**Supplied data**
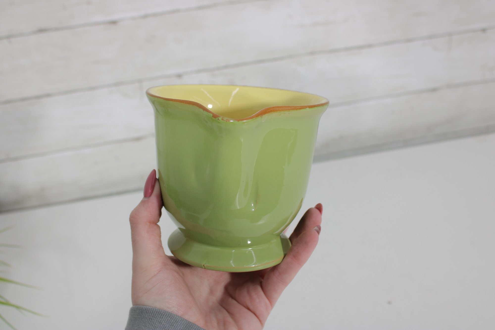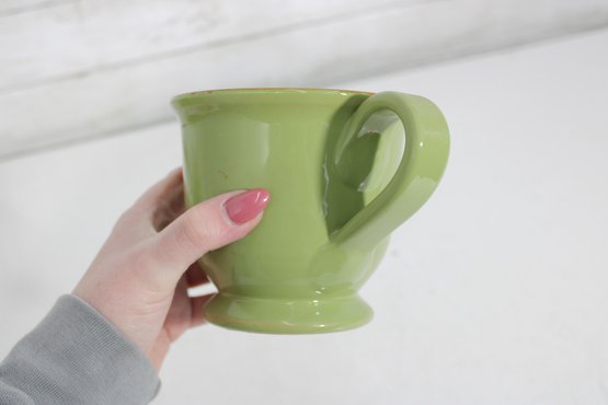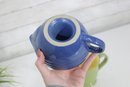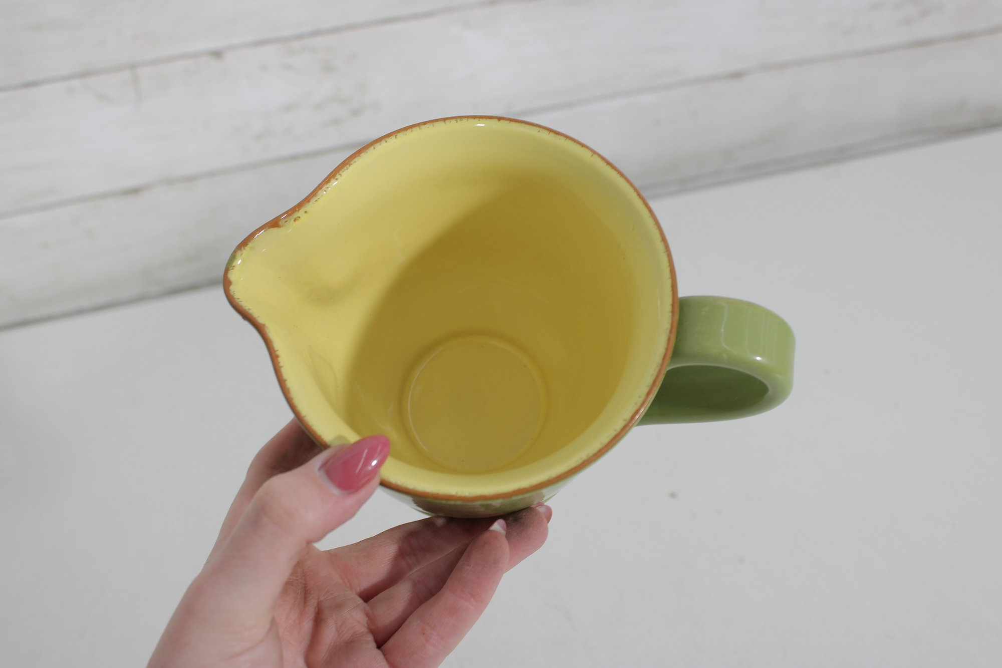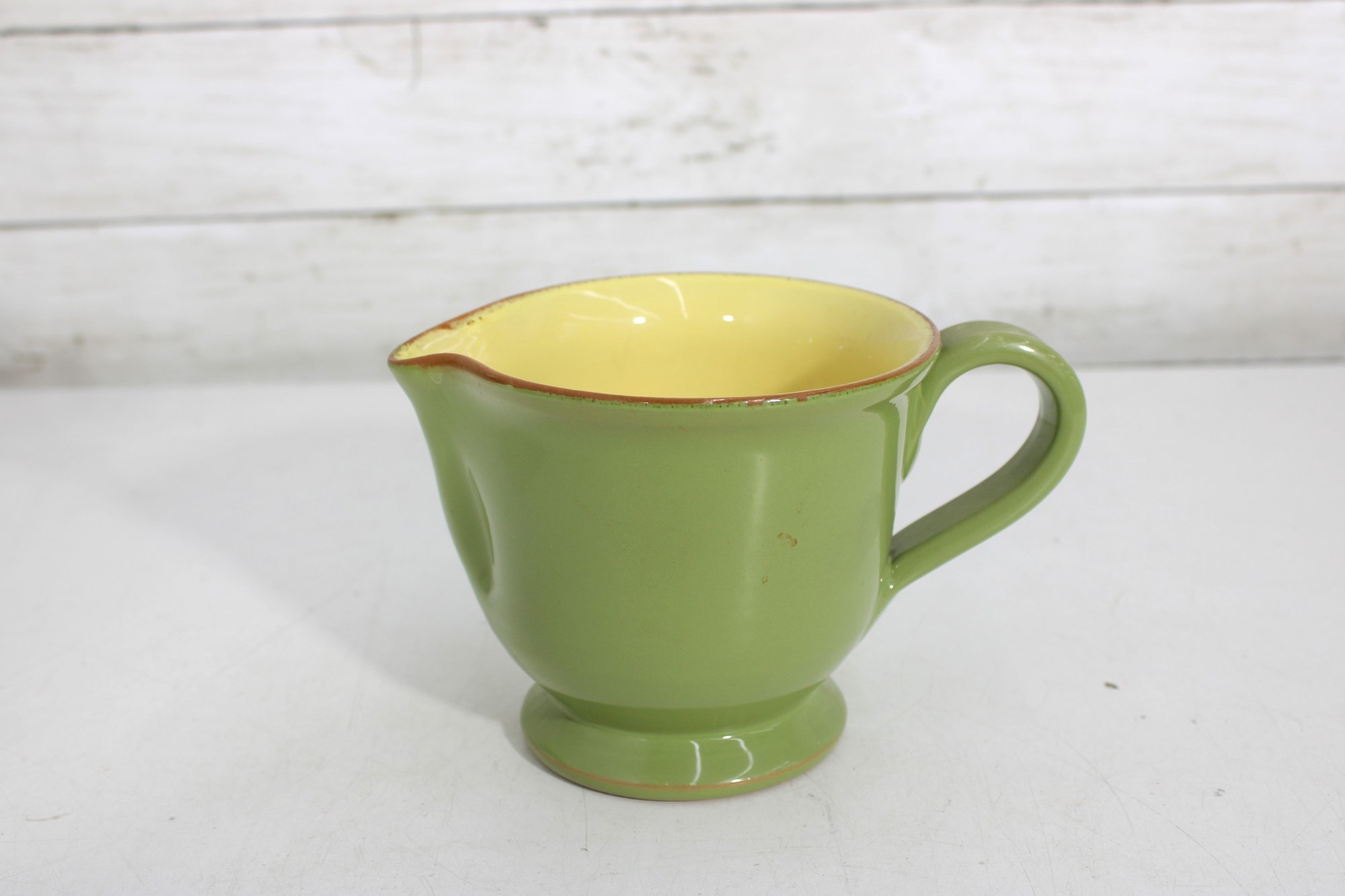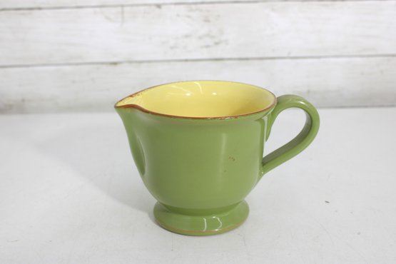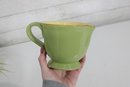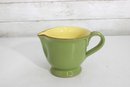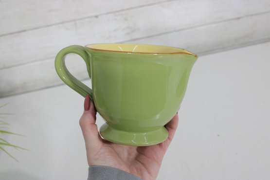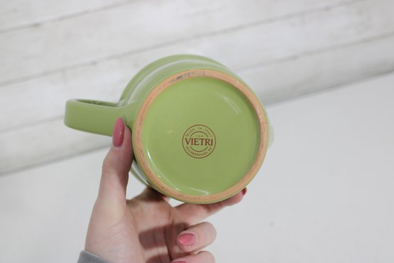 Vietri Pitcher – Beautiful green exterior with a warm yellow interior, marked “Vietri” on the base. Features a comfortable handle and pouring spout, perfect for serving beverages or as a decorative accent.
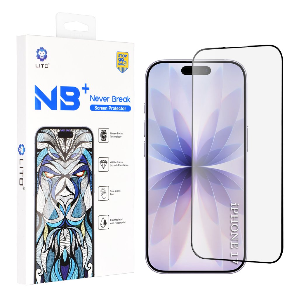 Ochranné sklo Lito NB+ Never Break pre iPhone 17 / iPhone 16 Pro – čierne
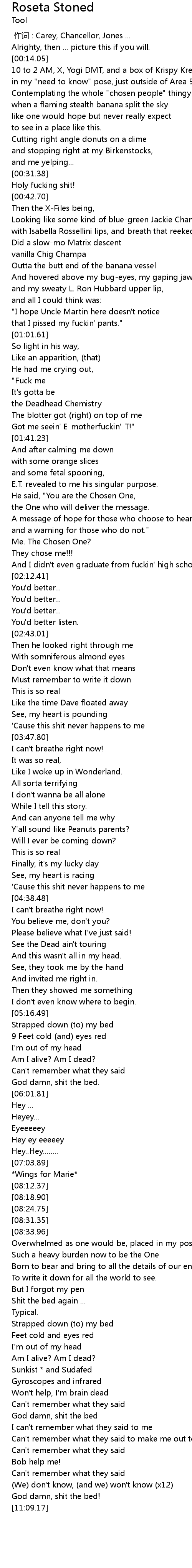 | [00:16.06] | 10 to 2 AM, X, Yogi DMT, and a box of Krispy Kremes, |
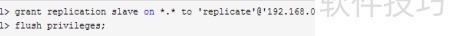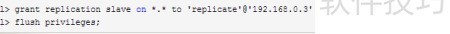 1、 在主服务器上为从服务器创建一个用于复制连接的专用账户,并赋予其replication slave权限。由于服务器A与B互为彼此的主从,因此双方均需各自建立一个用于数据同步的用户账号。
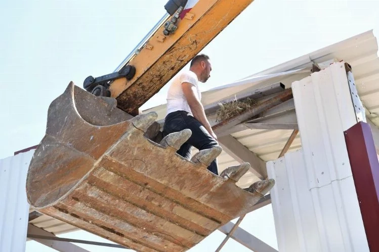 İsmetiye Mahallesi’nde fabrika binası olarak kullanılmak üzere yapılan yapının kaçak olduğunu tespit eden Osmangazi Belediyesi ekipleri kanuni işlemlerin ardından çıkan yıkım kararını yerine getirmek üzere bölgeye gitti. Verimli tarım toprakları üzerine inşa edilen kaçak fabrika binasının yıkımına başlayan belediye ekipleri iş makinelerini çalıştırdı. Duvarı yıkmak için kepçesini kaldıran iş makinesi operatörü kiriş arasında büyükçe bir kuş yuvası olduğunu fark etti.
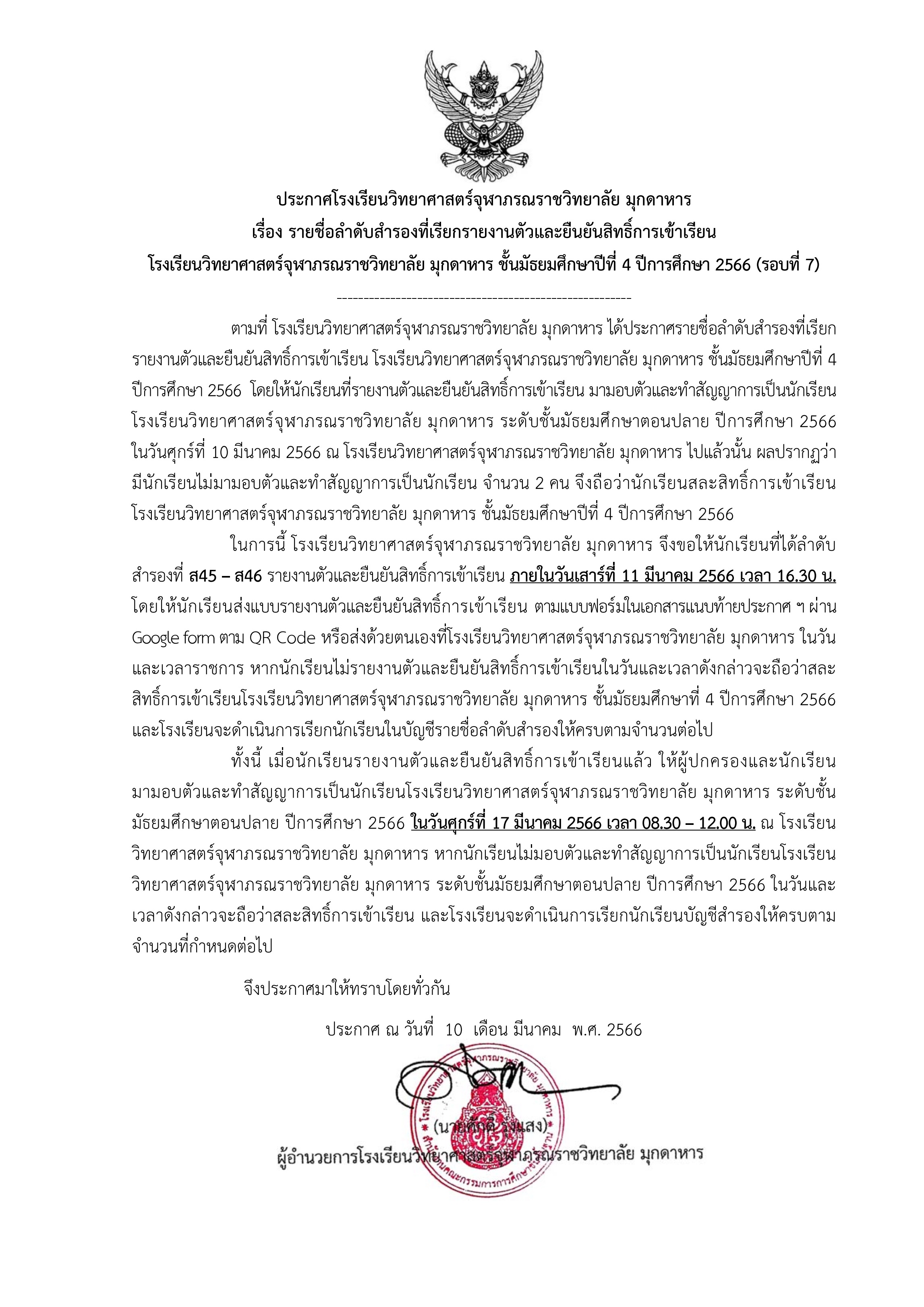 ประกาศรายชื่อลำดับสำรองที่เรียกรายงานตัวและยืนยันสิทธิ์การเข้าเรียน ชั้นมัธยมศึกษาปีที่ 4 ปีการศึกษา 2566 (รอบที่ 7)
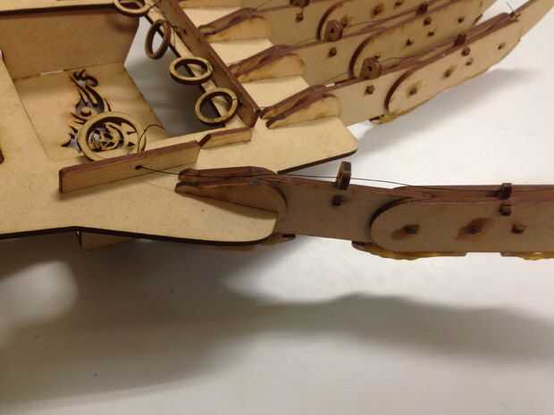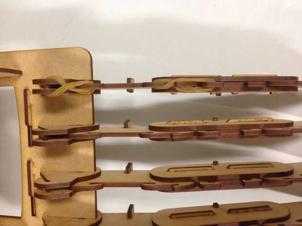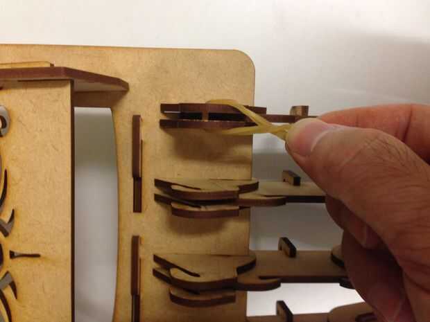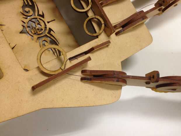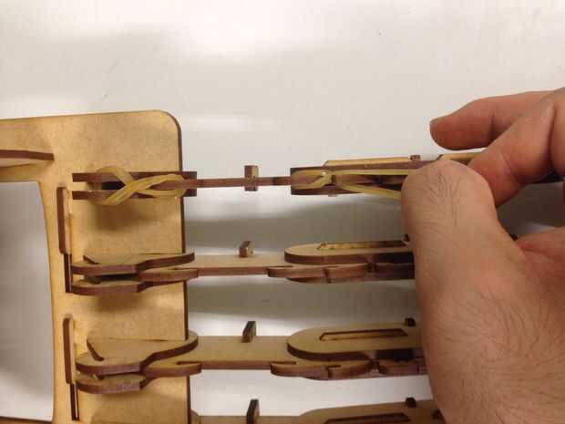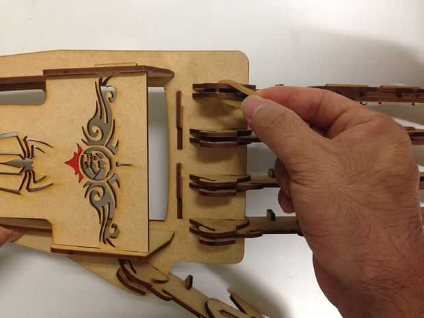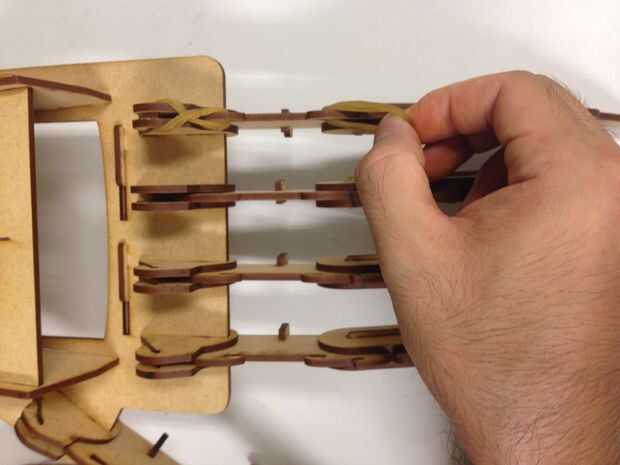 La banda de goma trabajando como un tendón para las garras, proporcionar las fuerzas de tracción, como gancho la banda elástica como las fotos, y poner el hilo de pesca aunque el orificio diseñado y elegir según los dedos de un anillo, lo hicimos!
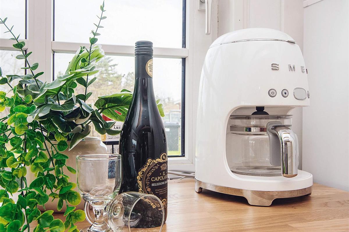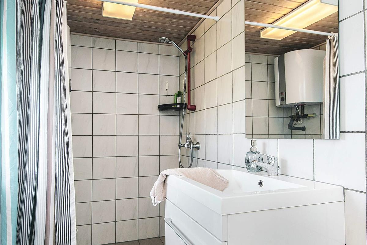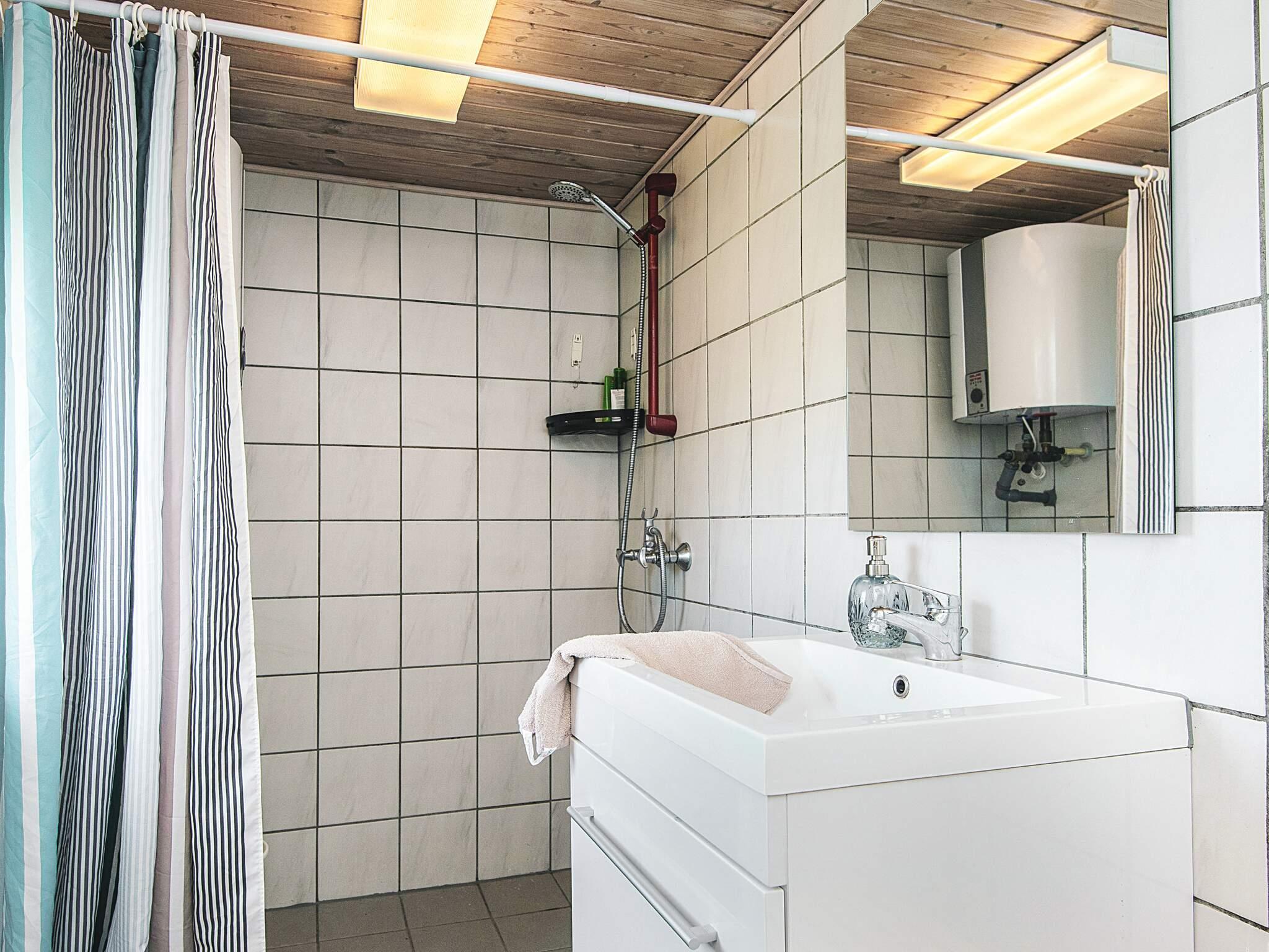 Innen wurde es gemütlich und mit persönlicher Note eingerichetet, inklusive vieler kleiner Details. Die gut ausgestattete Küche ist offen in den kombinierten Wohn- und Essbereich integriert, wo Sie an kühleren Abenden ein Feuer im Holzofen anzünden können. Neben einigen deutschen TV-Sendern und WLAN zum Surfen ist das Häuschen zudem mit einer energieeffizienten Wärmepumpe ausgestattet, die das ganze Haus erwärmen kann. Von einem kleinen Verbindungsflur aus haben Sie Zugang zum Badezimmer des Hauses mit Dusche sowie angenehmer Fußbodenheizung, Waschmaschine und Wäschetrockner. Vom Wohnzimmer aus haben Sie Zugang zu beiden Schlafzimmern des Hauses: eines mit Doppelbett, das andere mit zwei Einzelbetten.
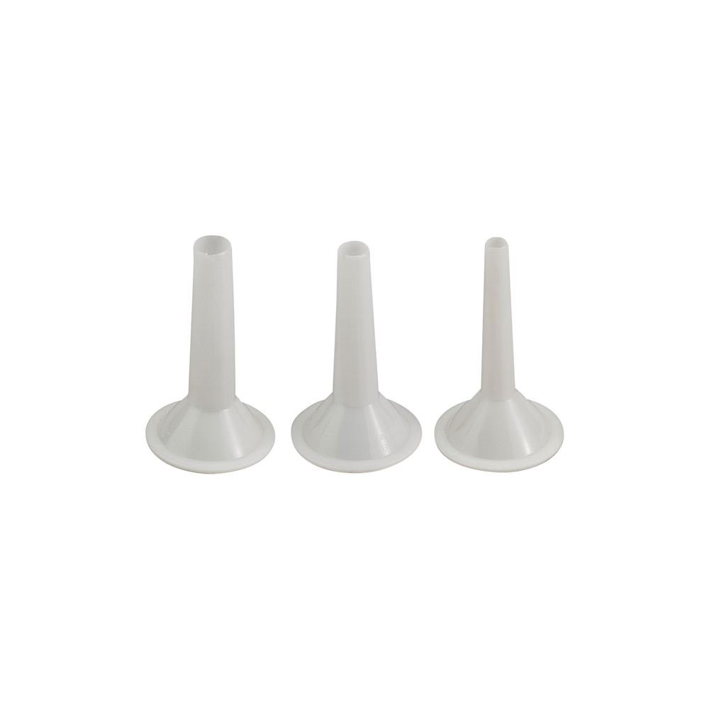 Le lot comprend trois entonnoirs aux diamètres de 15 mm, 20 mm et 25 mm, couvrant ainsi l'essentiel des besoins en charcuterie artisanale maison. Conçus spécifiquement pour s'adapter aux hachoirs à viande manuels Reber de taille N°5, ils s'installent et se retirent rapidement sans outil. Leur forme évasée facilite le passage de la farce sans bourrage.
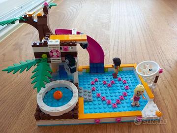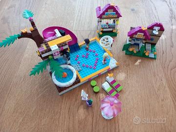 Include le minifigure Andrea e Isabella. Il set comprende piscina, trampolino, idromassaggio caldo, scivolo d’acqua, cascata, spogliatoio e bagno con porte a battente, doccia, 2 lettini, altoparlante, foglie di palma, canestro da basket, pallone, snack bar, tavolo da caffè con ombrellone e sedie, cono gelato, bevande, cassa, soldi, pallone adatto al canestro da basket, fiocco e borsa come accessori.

**Task to complete**
Return word for word the lines from the beginning of the entries through the line that contains "La banda de", both ends included, but no pictures.

**Solution for this exercise**
 Vietri Pitcher – Beautiful green exterior with a warm yellow interior, marked “Vietri” on the base. Features a comfortable handle and pouring spout, perfect for serving beverages or as a decorative accent.
 Ochranné sklo Lito NB+ Never Break pre iPhone 17 / iPhone 16 Pro – čierne
 | [00:16.06] | 10 to 2 AM, X, Yogi DMT, and a box of Krispy Kremes, |
 1、 在主服务器上为从服务器创建一个用于复制连接的专用账户,并赋予其replication slave权限。由于服务器A与B互为彼此的主从,因此双方均需各自建立一个用于数据同步的用户账号。
 İsmetiye Mahallesi’nde fabrika binası olarak kullanılmak üzere yapılan yapının kaçak olduğunu tespit eden Osmangazi Belediyesi ekipleri kanuni işlemlerin ardından çıkan yıkım kararını yerine getirmek üzere bölgeye gitti. Verimli tarım toprakları üzerine inşa edilen kaçak fabrika binasının yıkımına başlayan belediye ekipleri iş makinelerini çalıştırdı. Duvarı yıkmak için kepçesini kaldıran iş makinesi operatörü kiriş arasında büyükçe bir kuş yuvası olduğunu fark etti.
 ประกาศรายชื่อลำดับสำรองที่เรียกรายงานตัวและยืนยันสิทธิ์การเข้าเรียน ชั้นมัธยมศึกษาปีที่ 4 ปีการศึกษา 2566 (รอบที่ 7)
 La banda de goma trabajando como un tendón para las garras, proporcionar las fuerzas de tracción, como gancho la banda elástica como las fotos, y poner el hilo de pesca aunque el orificio diseñado y elegir según los dedos de un anillo, lo hicimos!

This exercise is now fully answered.